Data items
------
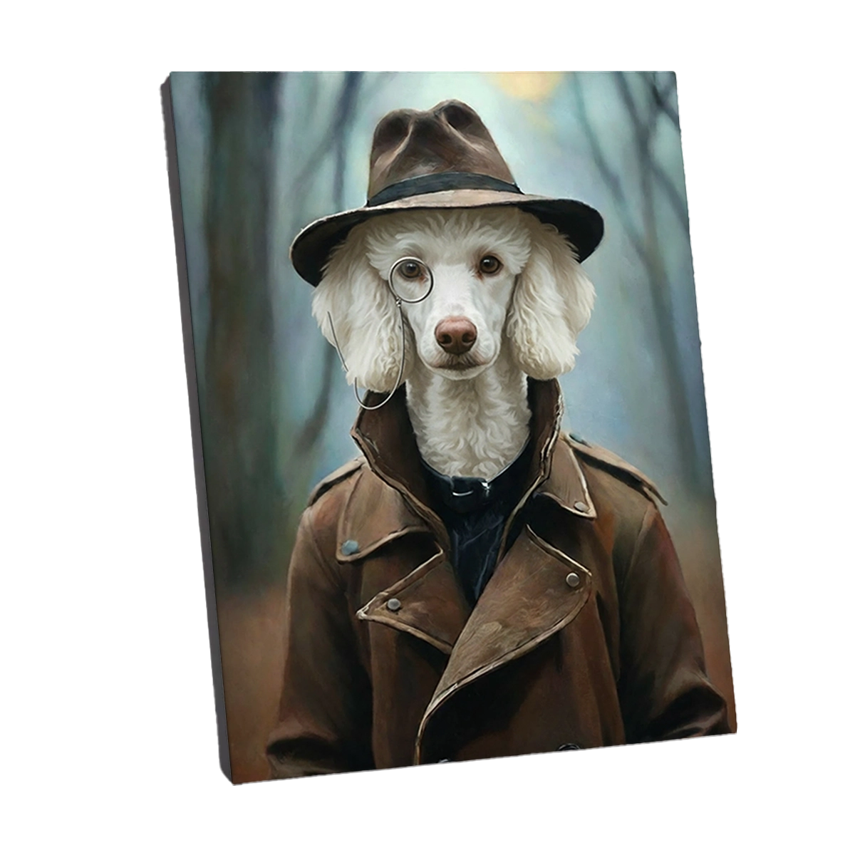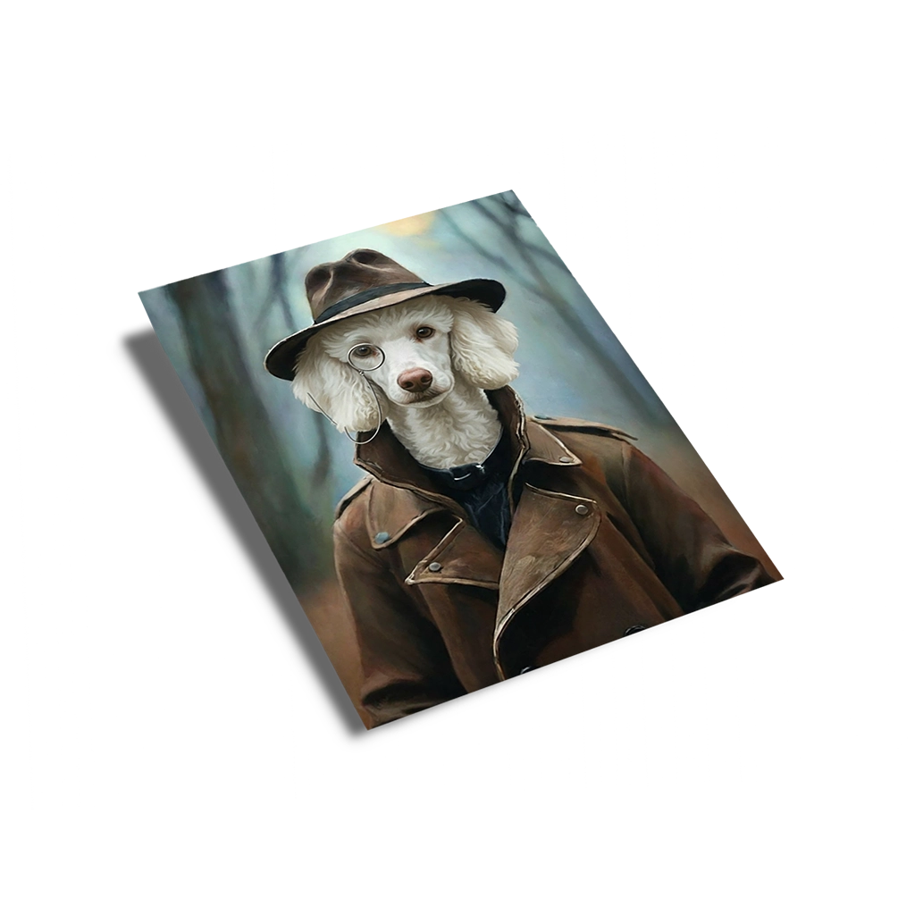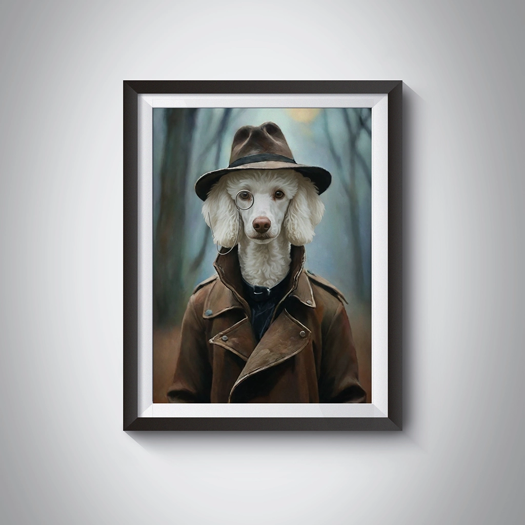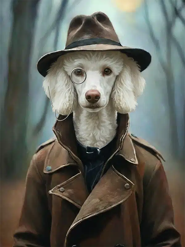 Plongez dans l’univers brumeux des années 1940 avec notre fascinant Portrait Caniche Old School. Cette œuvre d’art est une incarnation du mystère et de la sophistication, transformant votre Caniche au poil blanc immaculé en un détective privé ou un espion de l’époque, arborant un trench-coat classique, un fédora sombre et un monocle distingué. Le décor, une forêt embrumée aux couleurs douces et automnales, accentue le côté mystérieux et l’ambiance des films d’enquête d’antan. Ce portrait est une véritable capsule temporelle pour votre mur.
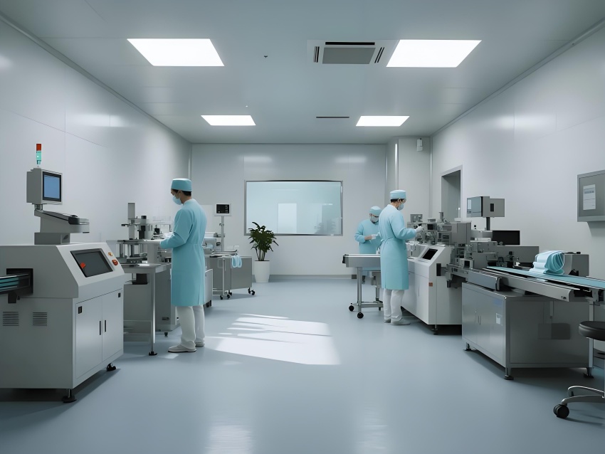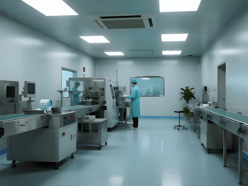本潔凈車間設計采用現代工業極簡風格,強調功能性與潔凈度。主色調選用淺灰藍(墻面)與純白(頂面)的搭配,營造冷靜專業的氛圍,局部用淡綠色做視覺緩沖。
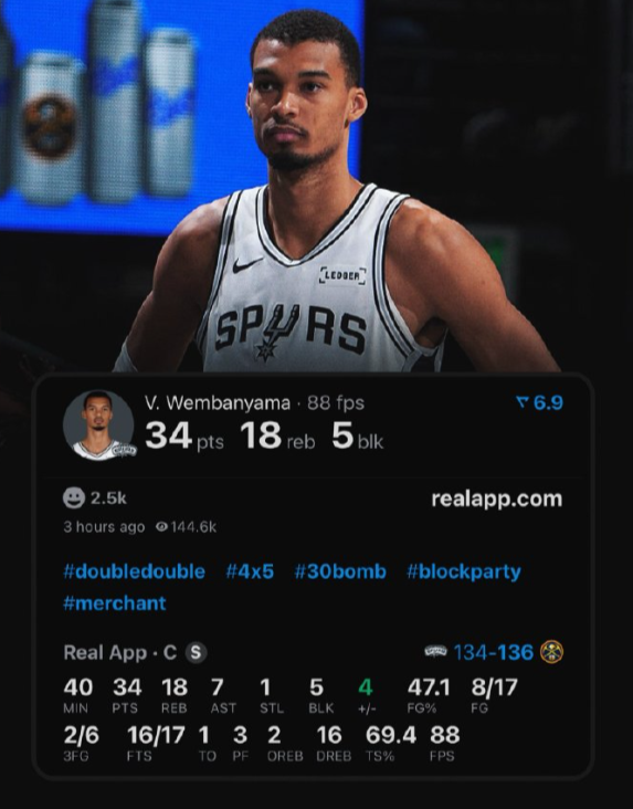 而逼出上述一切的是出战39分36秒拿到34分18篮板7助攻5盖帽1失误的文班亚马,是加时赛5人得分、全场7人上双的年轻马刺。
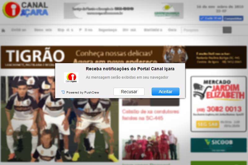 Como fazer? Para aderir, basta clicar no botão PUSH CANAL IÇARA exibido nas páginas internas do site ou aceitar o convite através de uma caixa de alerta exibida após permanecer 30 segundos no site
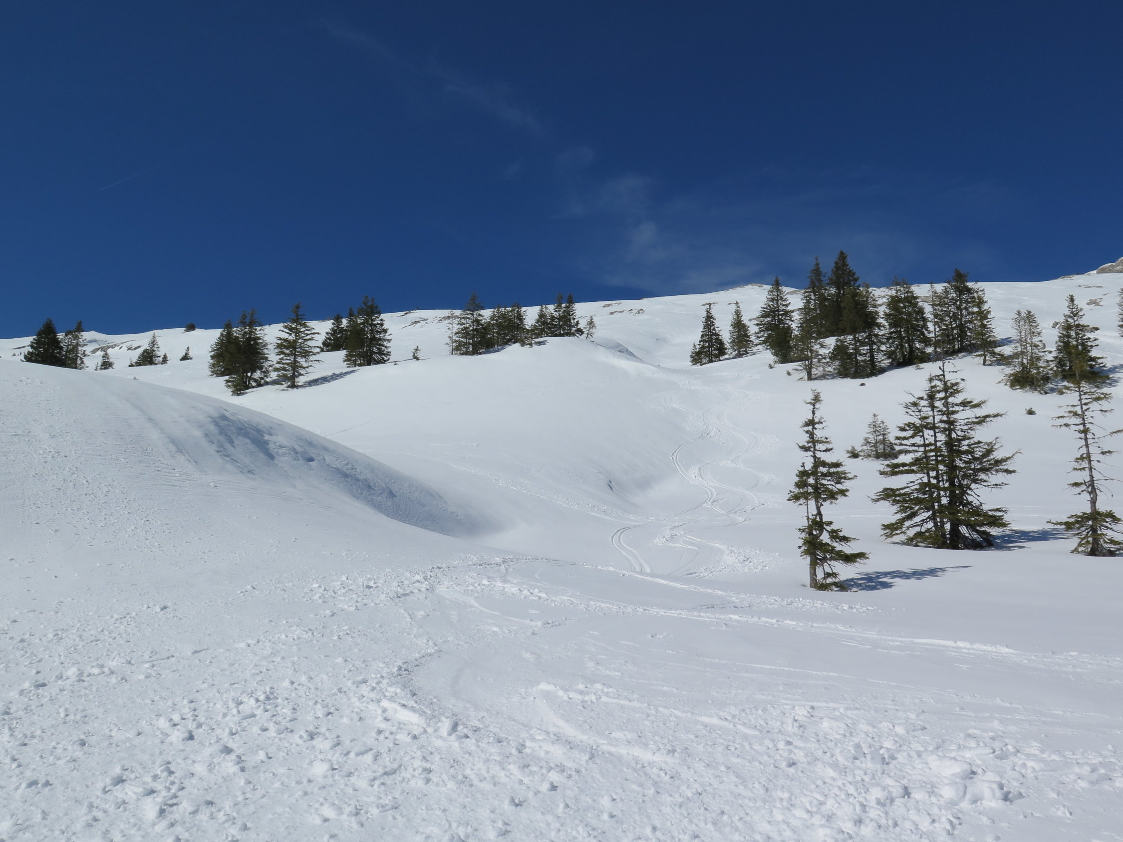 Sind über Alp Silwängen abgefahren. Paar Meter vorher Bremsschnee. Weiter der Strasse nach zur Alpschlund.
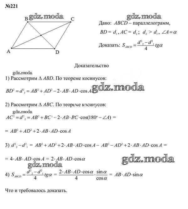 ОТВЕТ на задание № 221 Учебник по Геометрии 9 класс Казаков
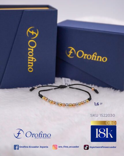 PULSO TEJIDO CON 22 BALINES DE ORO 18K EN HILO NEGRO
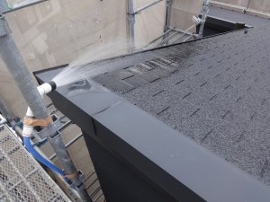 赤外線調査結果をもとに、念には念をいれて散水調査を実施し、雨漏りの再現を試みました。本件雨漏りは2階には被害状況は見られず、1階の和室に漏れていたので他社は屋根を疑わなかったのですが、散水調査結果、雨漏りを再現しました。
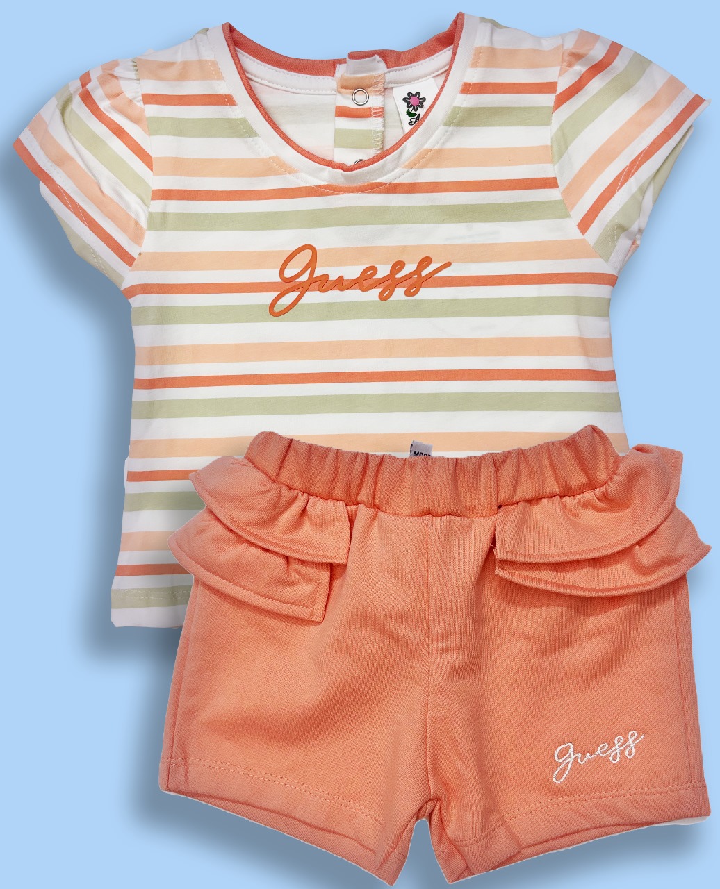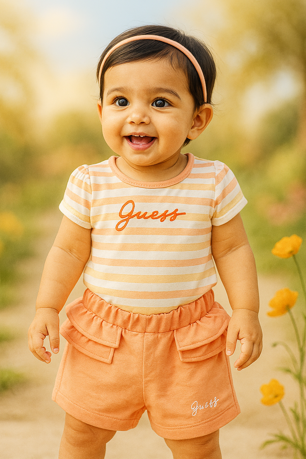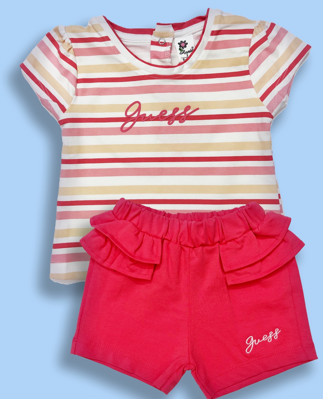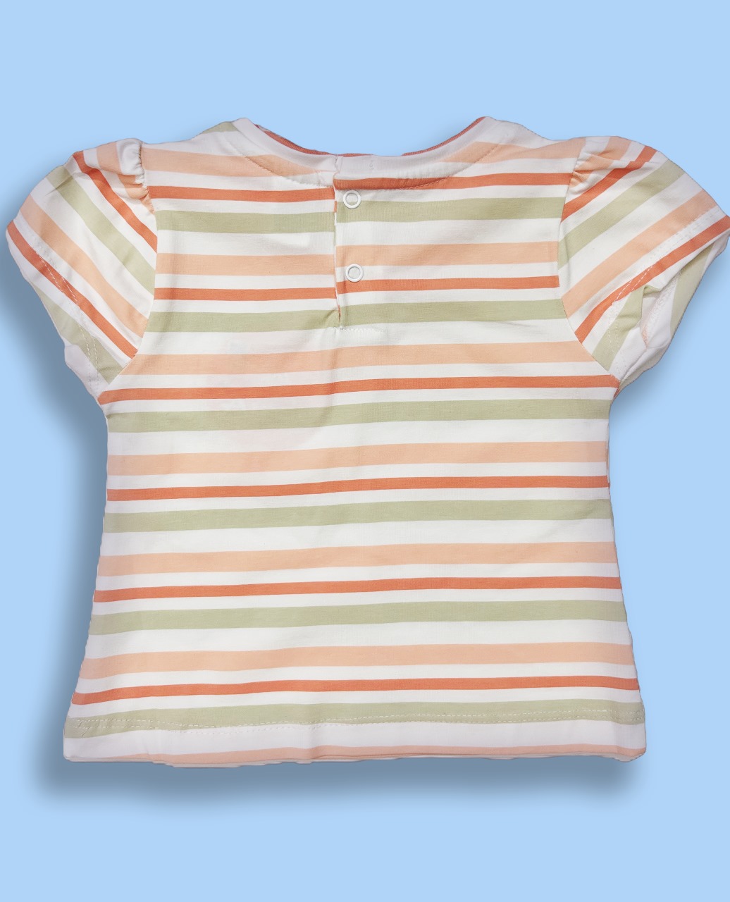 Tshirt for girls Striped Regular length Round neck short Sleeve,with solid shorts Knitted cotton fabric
------
# TO DO
Begin with the first line of the entries above and write out each line exactly, ending with the line containing "而逼出上述一切的是出战39分". Leave out pictures.

# OUTPUT BELOW
 Plongez dans l’univers brumeux des années 1940 avec notre fascinant Portrait Caniche Old School. Cette œuvre d’art est une incarnation du mystère et de la sophistication, transformant votre Caniche au poil blanc immaculé en un détective privé ou un espion de l’époque, arborant un trench-coat classique, un fédora sombre et un monocle distingué. Le décor, une forêt embrumée aux couleurs douces et automnales, accentue le côté mystérieux et l’ambiance des films d’enquête d’antan. Ce portrait est une véritable capsule temporelle pour votre mur.
本潔凈車間設計采用現代工業極簡風格,強調功能性與潔凈度。主色調選用淺灰藍(墻面)與純白(頂面)的搭配,營造冷靜專業的氛圍,局部用淡綠色做視覺緩沖。
 而逼出上述一切的是出战39分36秒拿到34分18篮板7助攻5盖帽1失误的文班亚马,是加时赛5人得分、全场7人上双的年轻马刺。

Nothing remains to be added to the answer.